This is how an outnumbered Navy hero earned the Medal of Honor for protecting Guadalcanal

Harold C. Hutchison
Jan 28, 2019 6:39 PM PST
1 minute read
World War II photo

SUMMARY

In the early morning hours of Nov. 13, 1942, Vice Adm. William Halsey had a sleepless night. A major Japanese force was steaming towards Henderson Field bent on a massive bombardment. Halsey had sent two small groups of ships under the o…

In the early morning hours of Nov. 13, 1942, Vice Adm. William Halsey had a sleepless night. A major Japanese force was steaming towards Henderson Field bent on a massive bombardment.


Halsey had sent two small groups of ships under the overall command of Rear Adm. Daniel Judson Callaghan to stop them.

U.S. Navy Rear Adm. Daniel J. Callaghan. (Photo: U.S. Navy)

Callaghan's force faced long odds. He had two heavy cruisers, three light cruisers (two of which had been optimized for the anti-aircraft role), and eight destroyers. The opposing force had two fast battleships, a light cruiser, and 14 destroyers.

In essence, Halsey knew he had probably sent Callaghan and many of the sailors under him to their deaths.

Only as the seconds turned into minutes, and the minutes turned into hours, one thing was obvious: Henderson Field had not come under attack.

Dawn would soon reveal that one of the fast battleships, the Hiei, was crippled, while American sailors on two cruisers — the USS Atlanta (CL 51) and USS Portland (CA 33) — were fighting to save their ships.

The Japanese fast battleship Haruna. (Photo from Wikimedia)

Reports trickled in. Four destroyers sunk, Callaghan and Rear Adm. Norman Scott, the hero of the Battle of Cape Esperance, were dead.

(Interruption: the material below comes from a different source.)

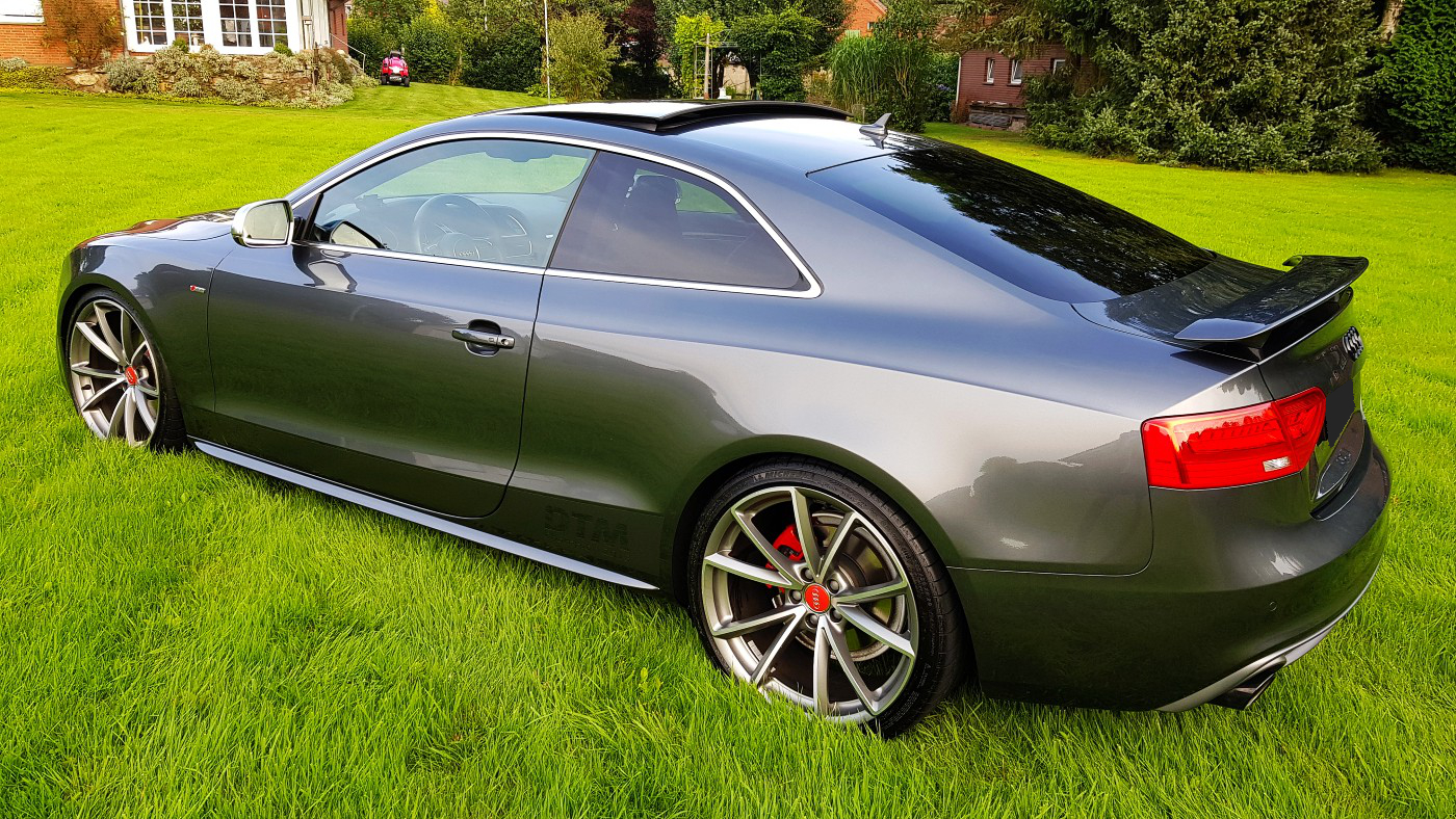 Auch die Felgen gefallen mir, ich hatte die gleiche auf meinem A5. Glanzschwarze Felgen würden das Farbkonzept natürlich fortführen ...

Later, when commanders sorted out what happened, it turned out Callaghan had – whether by accident or design – gotten his force intermingled with the Japanese bombardment group. When he ordered, "Odd ships fire to port, even ships fire to starboard," he touched off a melee that scattered both forces across Ironbottom Sound.

At one point during the maelstrom Callaghan's flagship, the USS San Francisco (CA 38), got within 2,500 yards of the battleship Hiei, and put a shell into her steering compartment. By the time the fight was over, the Japanese had exhausted most of their ammunition, and it was too close to dawn to reassemble their forces, hit Henderson Field and escape American air power.

Rear Adm. Hiroaki Abe instead ordered a retreat, leaving Hiei to its fate.

In the aftermath of the battle, Hiei would be sunk by air strikes launched from the USS Enterprise (CV 6) and Henderson Field. The USS Juneau (CL 52), damaged during the battle, would be sunk by a Japanese submarine. The officer in charge of the surviving vessels, Capt. Gilbert C. Hoover, would inexplicably fail to look for survivors, leaving over a hundred men behind. Only three would be rescued.

The Japanese tried to bombard Henderson Field again two days later, but this time the Kirishima met up with two battleships, the USS Washington (BB 56) and USS South Dakota (BB 57), with four destroyers under the command of Rear Adm. Willis Augustus Lee. Even though the Japanese put USS South Dakota out of action and sank or damaged the four destroyers, the USS Washington was able to fatally damage the Kirishima.

The USS Callaghan in 1987. (Photo from Wikimedia)

Callaghan would receive the Medal of Honor for his actions on Nov, 13, 1942, one of five presented for actions in that battle (the others were to Norman Scott, Lt. Cmdr. Bruce McCandless, Lt. Cmdr. Herbert Schonland, and Bosun's Mate 1st Class Reinhardt Keppler). The Navy later named two ships for Adm. Callaghan. The first USS Callaghan (DD 792) would be sunk by a kamikaze attack while on radar picket duty off Okinawa in 1945. The second USS Callaghan (DDG 994) saw 20 years of service with the United States Navy until she was sold to Taiwan.